◆ HOW TO COMPLETE THIS TASK ◆
The required output is the lines of the listing from the beginning through the line containing "The world’s first", each copied exactly, without any pictures.

◆ INFORMATION PROVIDED ◆

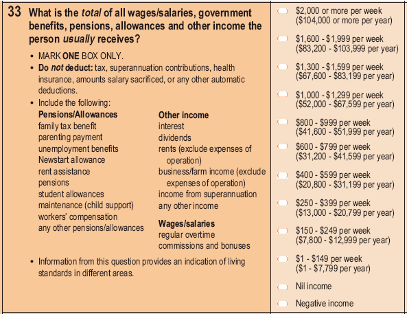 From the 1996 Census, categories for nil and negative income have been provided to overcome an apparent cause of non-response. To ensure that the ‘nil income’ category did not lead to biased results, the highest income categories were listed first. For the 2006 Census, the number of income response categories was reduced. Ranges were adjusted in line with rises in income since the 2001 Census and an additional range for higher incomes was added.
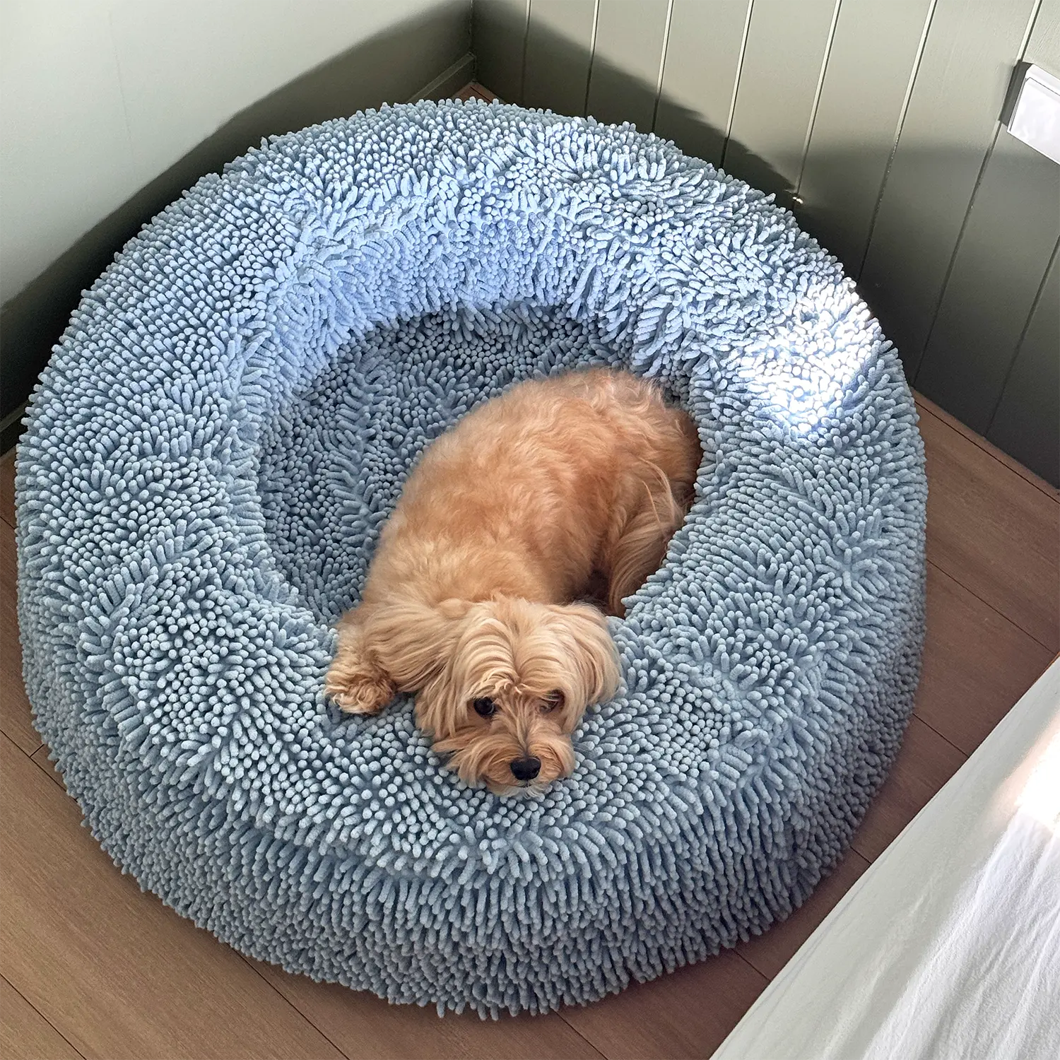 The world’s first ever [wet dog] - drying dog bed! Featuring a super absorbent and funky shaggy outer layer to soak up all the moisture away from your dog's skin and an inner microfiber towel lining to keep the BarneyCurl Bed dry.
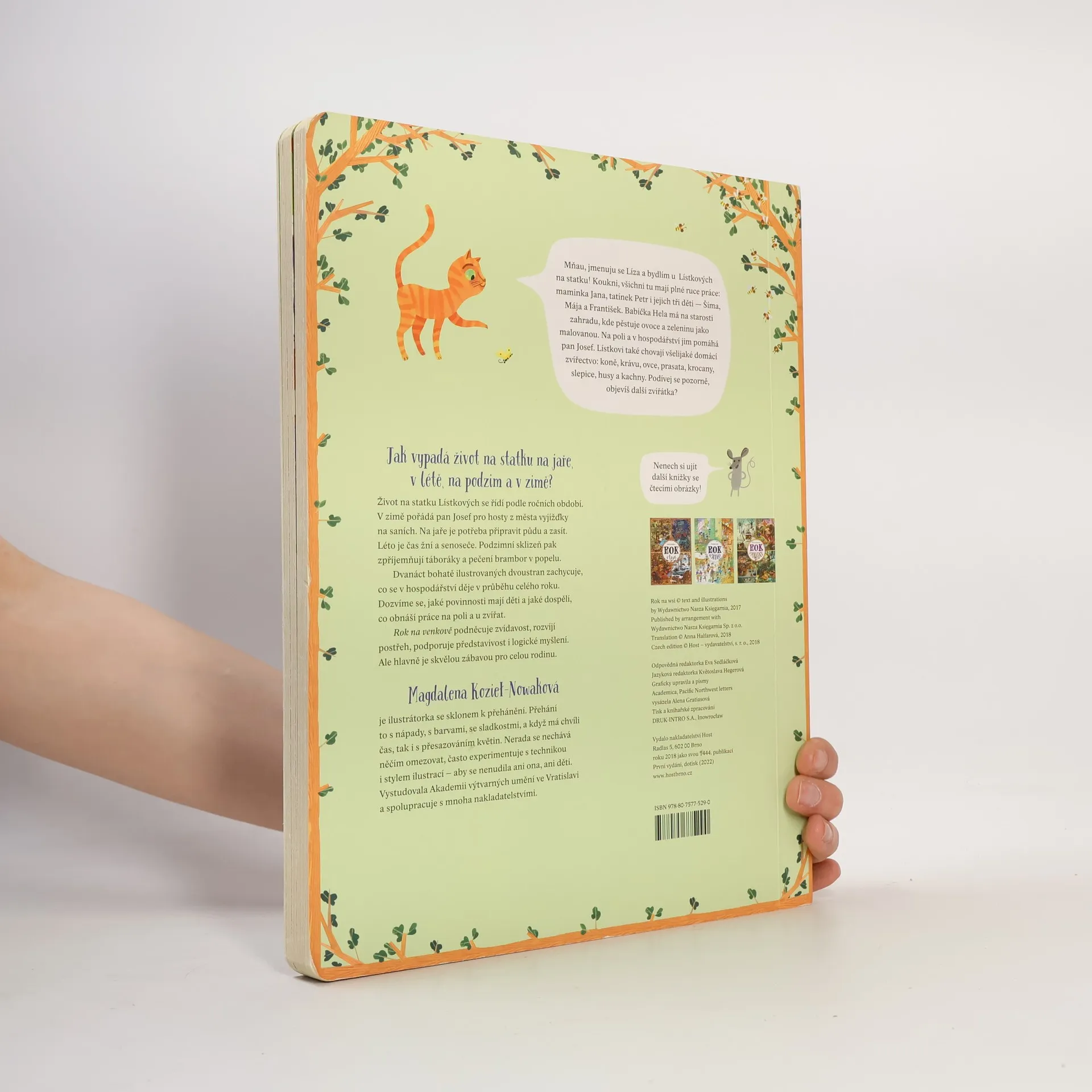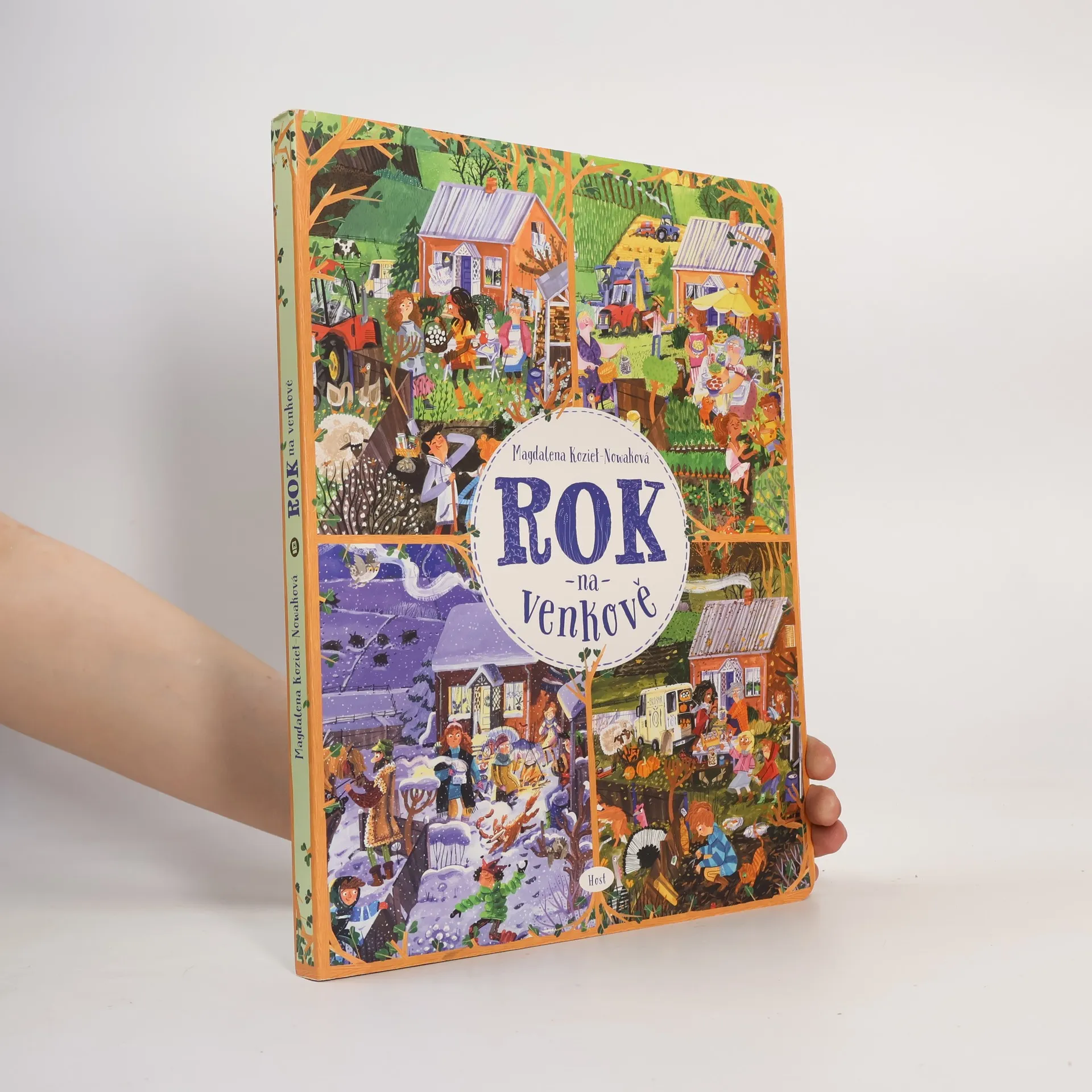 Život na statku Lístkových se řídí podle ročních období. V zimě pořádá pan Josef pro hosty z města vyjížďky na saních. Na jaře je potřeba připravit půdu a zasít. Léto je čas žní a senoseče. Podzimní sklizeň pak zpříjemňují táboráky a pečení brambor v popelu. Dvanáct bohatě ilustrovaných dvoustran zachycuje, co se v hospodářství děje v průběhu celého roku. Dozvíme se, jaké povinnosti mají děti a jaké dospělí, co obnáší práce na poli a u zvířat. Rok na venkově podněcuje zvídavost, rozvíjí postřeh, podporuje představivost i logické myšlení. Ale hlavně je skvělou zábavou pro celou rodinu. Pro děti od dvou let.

◆ EXPECTED ANSWER ◆
 From the 1996 Census, categories for nil and negative income have been provided to overcome an apparent cause of non-response. To ensure that the ‘nil income’ category did not lead to biased results, the highest income categories were listed first. For the 2006 Census, the number of income response categories was reduced. Ranges were adjusted in line with rises in income since the 2001 Census and an additional range for higher incomes was added.
 The world’s first ever [wet dog] - drying dog bed! Featuring a super absorbent and funky shaggy outer layer to soak up all the moisture away from your dog's skin and an inner microfiber towel lining to keep the BarneyCurl Bed dry.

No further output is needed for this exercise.